Could the listing be repeated exactly, with every picture dropped?
▬▬▬
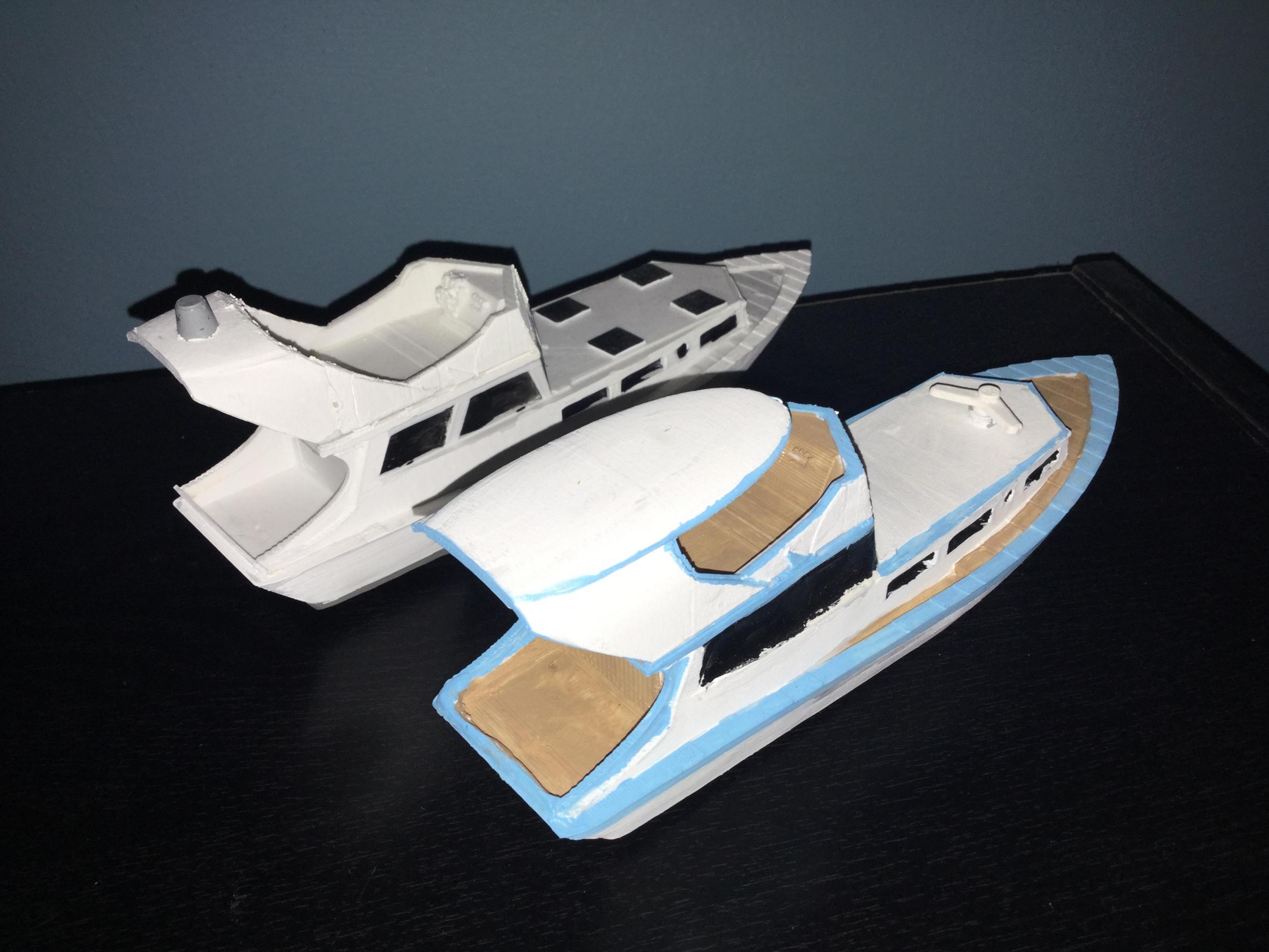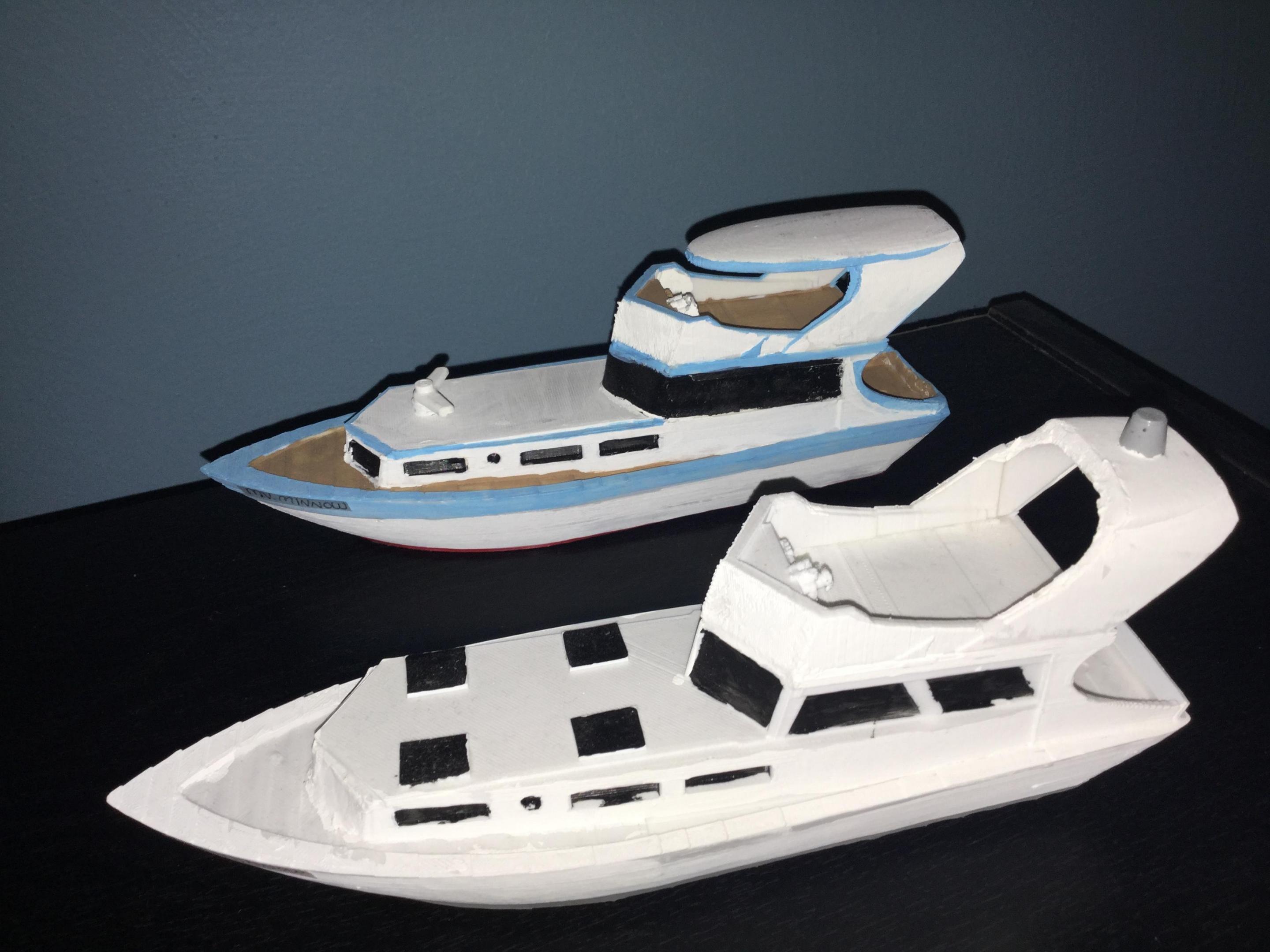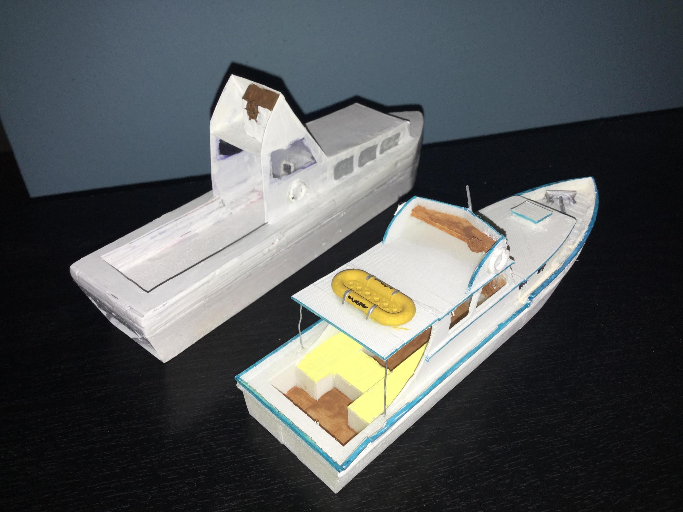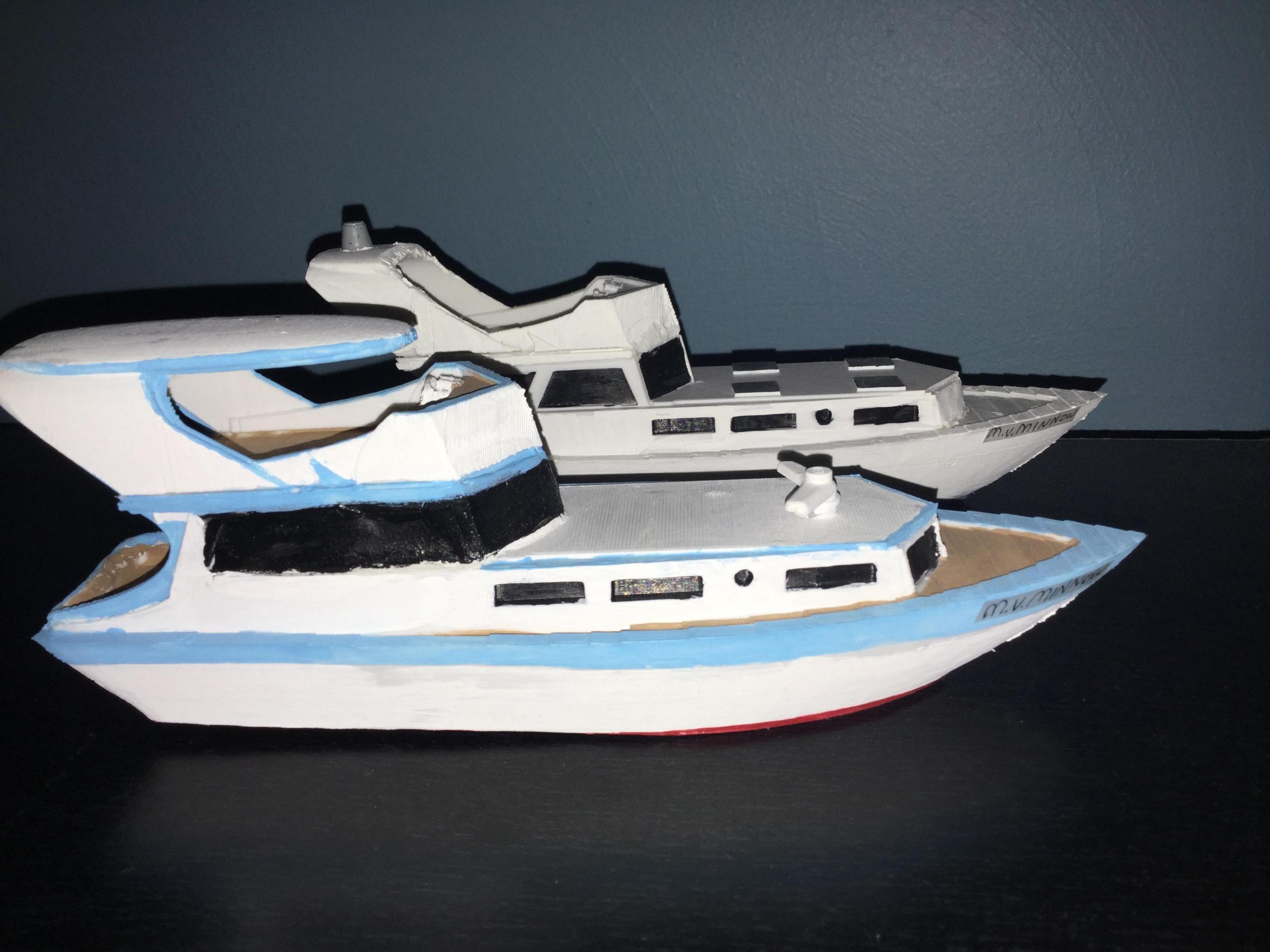 here are my 1/72nd scale s.s minnows and m.v minnows one s.s minnow is from the first season opening of the series and 2nd one is the s.s minnow from the second and third season openings of the series the other 2 are modern what if they remade gilligan's island today i changed the s.s to m.v as thats what it should have been m.v to start with as the minnow was powered by a inboard diesel marine engine not a steam engine what s.s stands for is steam ship and m.v is motor vessel the second and third season opening minnow i scratch built for the most part the the flybridge controls and wheel are from pt-109 model same with the door in the main cabin and the life rings on eaither side of the main cabin most of the hull is wood wich came from a craft store wood model kit which i reshaped and the rest is made from sheet styrene the other 3 minnows are 3d printed with the some small mods i added or changed
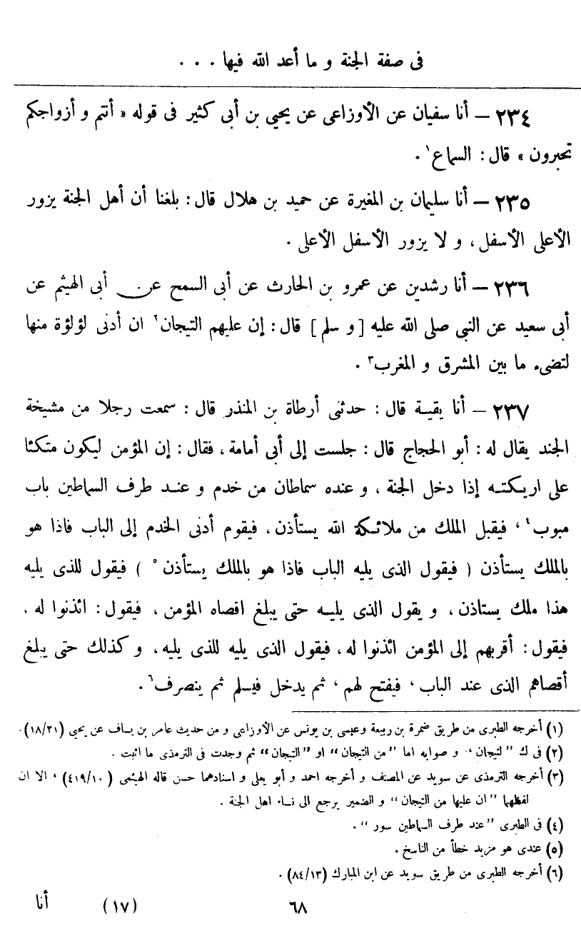 أنا سُلَيْمَانُ بْنُ الْمُغِيرَةِ، عَنْ حُمَيْدِ بْنِ هِلَالٍ قَالَ: بَلَغَنَا «أَنَّ أَهْلَ الْجَنَّةِ، يَزُورُ الْأَعْلَى الْأَسْفَلَ، وَلَا يَزُورُ الْأَسْفَلُ الْأَعْلَى»
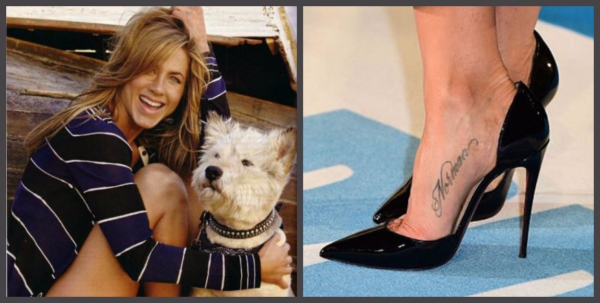 Тату присвячене своїм домашнім улюбленцям роблять і голлівудські кінозірки, як наприклад Дженіфер Еністон, яка на внутрішній частині ноги набила ім’я свого собаки, який прожив з нею 15 років, та завжди був вірним другом.
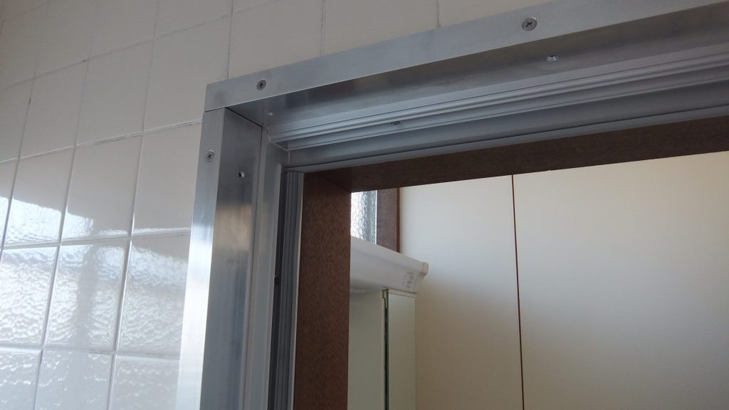 ドアの外枠はなんと木製だったのでアルミで特注で作製しました。
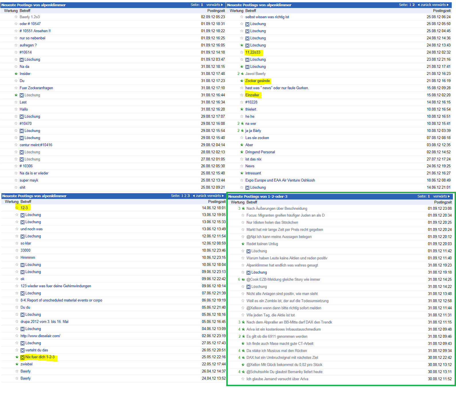 Wer will kann es alles nachlesen, also einfach zurückblättern.
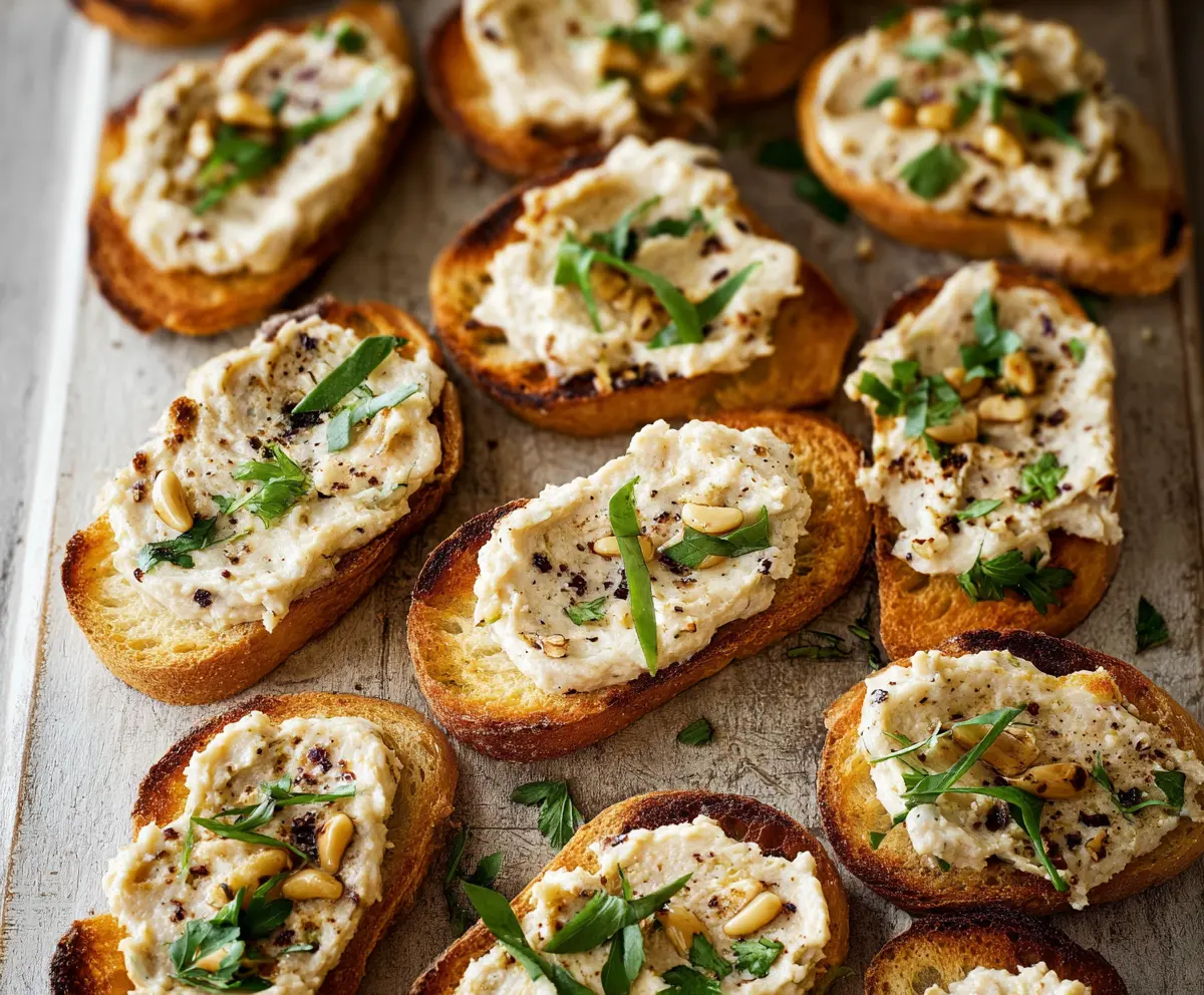 This simple crostini features a creamy white bean spread with bright lemon and garlic notes, making it an ideal choice for entertaining or a light snack anytime!
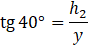 Długość y oraz szukana wysokość szerszej części lejka oznaczona jako h2 są przyprostokątnymi trójkąta prostokątnego o kącie 40°. Więc h2 możesz obliczyć z definicji funkcji trygonometrycznej, a dokładniej z definicji tangensa. Szukana wysokość leży naprzeciw tego kąta, więc możesz zapisać następującą równość:
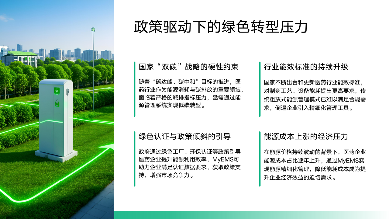 首先是国家“双碳”战略的硬性约束。随着“碳达峰、碳中和”目标的推进,医药行业作为能源消耗与碳排放的重要领域,减排指标压力巨大。这意味着医药企业不能再像以往那样随意排放,必须通过引入能源管理系统,实现低碳转型,以符合国家战略要求。
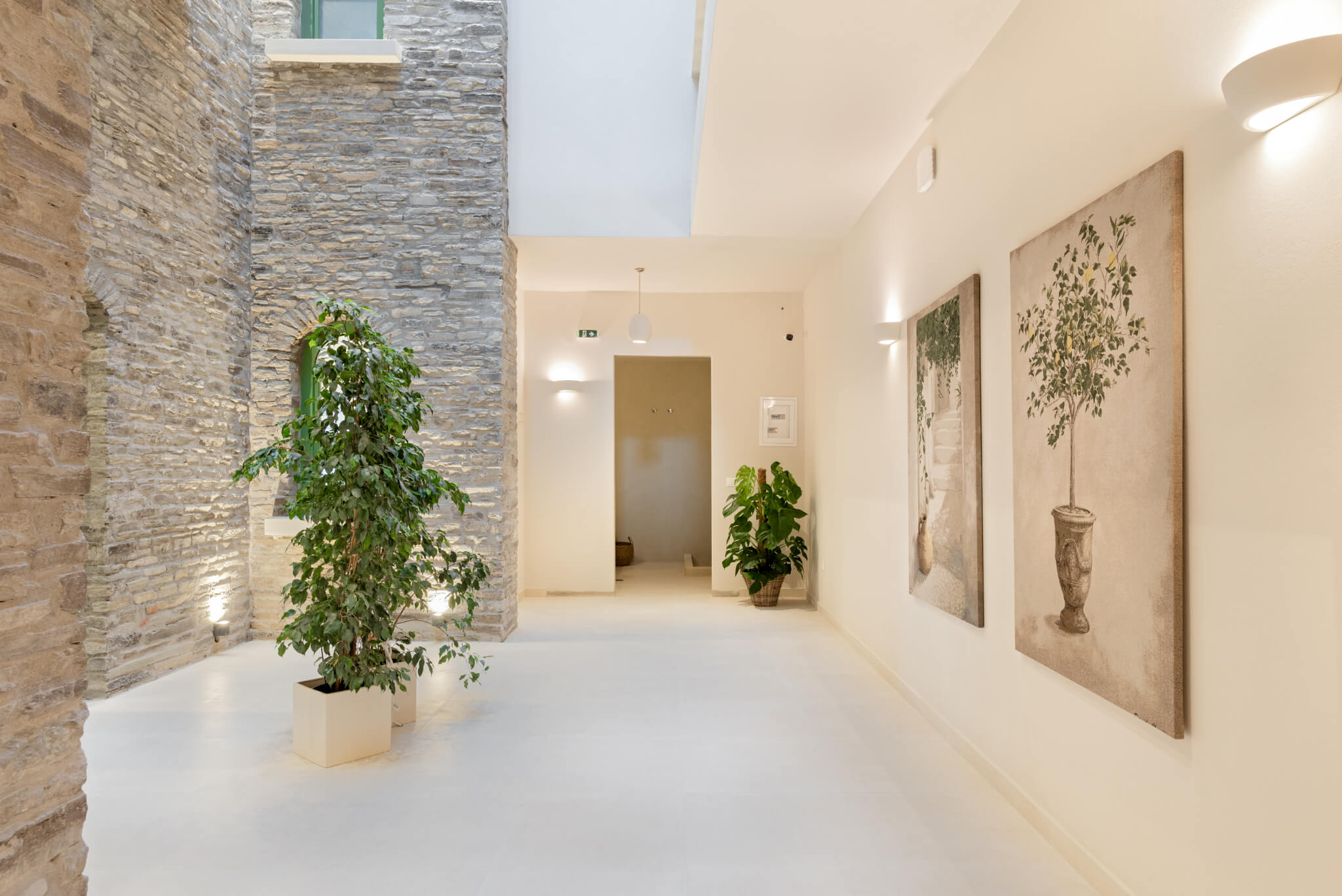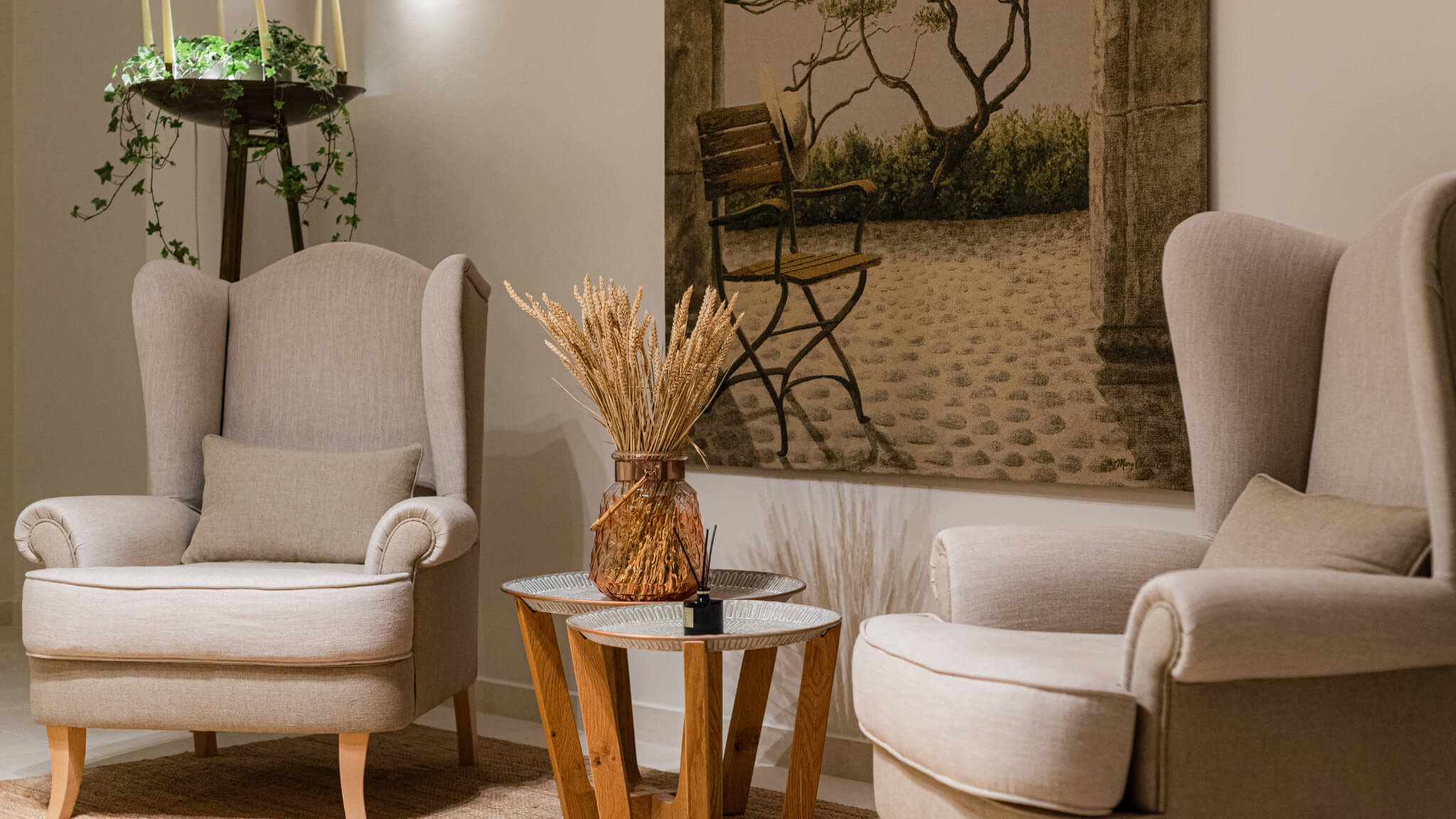 Designed to offer a calm, home-like atmosphere, the suites combine simplicity and elegance in a setting crafted for relaxation. Every space reflects thoughtful detail—from the stone-built lobby with a glass ceiling to the surrounding gardens filled with blooming flowers. The result is an environment that feels both grounded in nature and elevated in comfort.
▬▬▬
Answer to this problem –
 here are my 1/72nd scale s.s minnows and m.v minnows one s.s minnow is from the first season opening of the series and 2nd one is the s.s minnow from the second and third season openings of the series the other 2 are modern what if they remade gilligan's island today i changed the s.s to m.v as thats what it should have been m.v to start with as the minnow was powered by a inboard diesel marine engine not a steam engine what s.s stands for is steam ship and m.v is motor vessel the second and third season opening minnow i scratch built for the most part the the flybridge controls and wheel are from pt-109 model same with the door in the main cabin and the life rings on eaither side of the main cabin most of the hull is wood wich came from a craft store wood model kit which i reshaped and the rest is made from sheet styrene the other 3 minnows are 3d printed with the some small mods i added or changed
 أنا سُلَيْمَانُ بْنُ الْمُغِيرَةِ، عَنْ حُمَيْدِ بْنِ هِلَالٍ قَالَ: بَلَغَنَا «أَنَّ أَهْلَ الْجَنَّةِ، يَزُورُ الْأَعْلَى الْأَسْفَلَ، وَلَا يَزُورُ الْأَسْفَلُ الْأَعْلَى»
 Тату присвячене своїм домашнім улюбленцям роблять і голлівудські кінозірки, як наприклад Дженіфер Еністон, яка на внутрішній частині ноги набила ім’я свого собаки, який прожив з нею 15 років, та завжди був вірним другом.
 ドアの外枠はなんと木製だったのでアルミで特注で作製しました。
 Wer will kann es alles nachlesen, also einfach zurückblättern.
 This simple crostini features a creamy white bean spread with bright lemon and garlic notes, making it an ideal choice for entertaining or a light snack anytime!
 Długość y oraz szukana wysokość szerszej części lejka oznaczona jako h2 są przyprostokątnymi trójkąta prostokątnego o kącie 40°. Więc h2 możesz obliczyć z definicji funkcji trygonometrycznej, a dokładniej z definicji tangensa. Szukana wysokość leży naprzeciw tego kąta, więc możesz zapisać następującą równość:
 首先是国家“双碳”战略的硬性约束。随着“碳达峰、碳中和”目标的推进,医药行业作为能源消耗与碳排放的重要领域,减排指标压力巨大。这意味着医药企业不能再像以往那样随意排放,必须通过引入能源管理系统,实现低碳转型,以符合国家战略要求。
 Designed to offer a calm, home-like atmosphere, the suites combine simplicity and elegance in a setting crafted for relaxation. Every space reflects thoughtful detail—from the stone-built lobby with a glass ceiling to the surrounding gardens filled with blooming flowers. The result is an environment that feels both grounded in nature and elevated in comfort.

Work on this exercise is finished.